Behavioural strategies
Humans remain a decisive factor in aviation, both as operators of complex technology and as a potential source of errors. The human body is often unprepared for the stresses and strains of flight operations, and health restrictions or the use of performance-inhibiting drugs can interfere with piloting an aircraft. It is important to prepare the body and behaviour for unaccustomed stresses through training and protective measures, whereby physical and psychological factors must be taken into account equally. Physical impairments can also reduce mental performance, which can be particularly critical in stressful situations. In order to deal with such situations, standard procedures and behavioural strategies have been developed to support safe flight operations.
Humans are central to the aircraft system: they make decisions, assess situations and bear responsibility. In the context of aircraft accidents, it becomes clear that human error is not limited to the cockpit, but can also occur in aircraft construction, maintenance and other areas.
Human error is cited as a major cause of over 80% of aviation accidents, with several factors usually leading to an accident. The most common causes include a lack of flying skills, breaking the rules, incorrect decisions and errors in perception.

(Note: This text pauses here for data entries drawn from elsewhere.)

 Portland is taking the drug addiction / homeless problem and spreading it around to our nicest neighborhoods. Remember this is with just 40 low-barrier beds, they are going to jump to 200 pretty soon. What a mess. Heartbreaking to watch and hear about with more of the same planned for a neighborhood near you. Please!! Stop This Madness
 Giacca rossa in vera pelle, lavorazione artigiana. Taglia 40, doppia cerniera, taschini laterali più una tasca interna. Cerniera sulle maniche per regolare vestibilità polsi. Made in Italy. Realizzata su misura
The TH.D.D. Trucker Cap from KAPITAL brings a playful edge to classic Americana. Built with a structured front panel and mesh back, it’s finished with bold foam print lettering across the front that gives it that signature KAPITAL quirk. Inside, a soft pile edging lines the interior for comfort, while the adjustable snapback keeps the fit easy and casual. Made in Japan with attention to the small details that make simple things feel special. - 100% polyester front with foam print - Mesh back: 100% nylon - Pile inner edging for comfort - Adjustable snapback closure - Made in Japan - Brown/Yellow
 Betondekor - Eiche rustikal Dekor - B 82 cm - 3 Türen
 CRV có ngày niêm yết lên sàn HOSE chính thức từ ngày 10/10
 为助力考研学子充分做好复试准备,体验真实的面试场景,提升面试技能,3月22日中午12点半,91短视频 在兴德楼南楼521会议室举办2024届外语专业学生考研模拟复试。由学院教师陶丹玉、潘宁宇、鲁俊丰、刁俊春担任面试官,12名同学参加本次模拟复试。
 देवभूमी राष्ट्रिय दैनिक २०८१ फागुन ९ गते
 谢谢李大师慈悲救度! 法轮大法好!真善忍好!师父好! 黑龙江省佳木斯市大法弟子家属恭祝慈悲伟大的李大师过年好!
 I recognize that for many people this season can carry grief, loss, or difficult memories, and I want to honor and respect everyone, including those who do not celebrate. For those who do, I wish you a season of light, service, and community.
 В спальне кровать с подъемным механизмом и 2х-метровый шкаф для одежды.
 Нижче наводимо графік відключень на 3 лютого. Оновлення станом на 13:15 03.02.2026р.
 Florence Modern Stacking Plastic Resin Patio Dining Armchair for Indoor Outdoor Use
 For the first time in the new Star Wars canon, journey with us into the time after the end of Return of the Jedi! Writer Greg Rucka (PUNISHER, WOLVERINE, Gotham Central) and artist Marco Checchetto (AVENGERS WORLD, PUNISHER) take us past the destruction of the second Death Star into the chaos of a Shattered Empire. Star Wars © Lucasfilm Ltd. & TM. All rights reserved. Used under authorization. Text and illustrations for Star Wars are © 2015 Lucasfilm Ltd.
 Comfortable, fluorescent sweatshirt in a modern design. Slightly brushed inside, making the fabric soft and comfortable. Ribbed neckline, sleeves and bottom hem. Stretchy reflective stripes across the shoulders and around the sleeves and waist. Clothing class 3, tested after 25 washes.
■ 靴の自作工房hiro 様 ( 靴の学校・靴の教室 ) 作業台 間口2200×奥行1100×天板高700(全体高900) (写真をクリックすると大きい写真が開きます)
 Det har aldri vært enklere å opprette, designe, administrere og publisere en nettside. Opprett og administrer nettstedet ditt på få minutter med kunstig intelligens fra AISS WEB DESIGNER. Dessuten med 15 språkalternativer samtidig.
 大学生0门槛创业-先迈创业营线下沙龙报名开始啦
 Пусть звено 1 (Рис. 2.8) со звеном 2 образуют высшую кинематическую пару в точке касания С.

Alcohol and drugs also play a role in aviation accidents. Even small amounts of alcohol can significantly impair performance, with the effect increasing with altitude. Medication can also impair fitness to fly, which is why pilots should consult an aviation physician before taking medication.
The SHEL(L) concept and the Swiss cheese model offer approaches for understanding and managing the interaction of various factors during a flight. The FORDEC principle serves as a decision-making aid in unusual situations and is based on analysing facts, options and risks, followed by a decision, its execution and continuous review.
The cockpit management chapters emphasise that not only the condition of the aircraft, but also the mental and physical condition of the pilot are crucial for a safe flight. Decision-making, standard procedures and conflict management are important aspects for the safe conduct of a flight. Analysing and dealing with misconduct and attending flight safety briefings are essential for preventing accidents.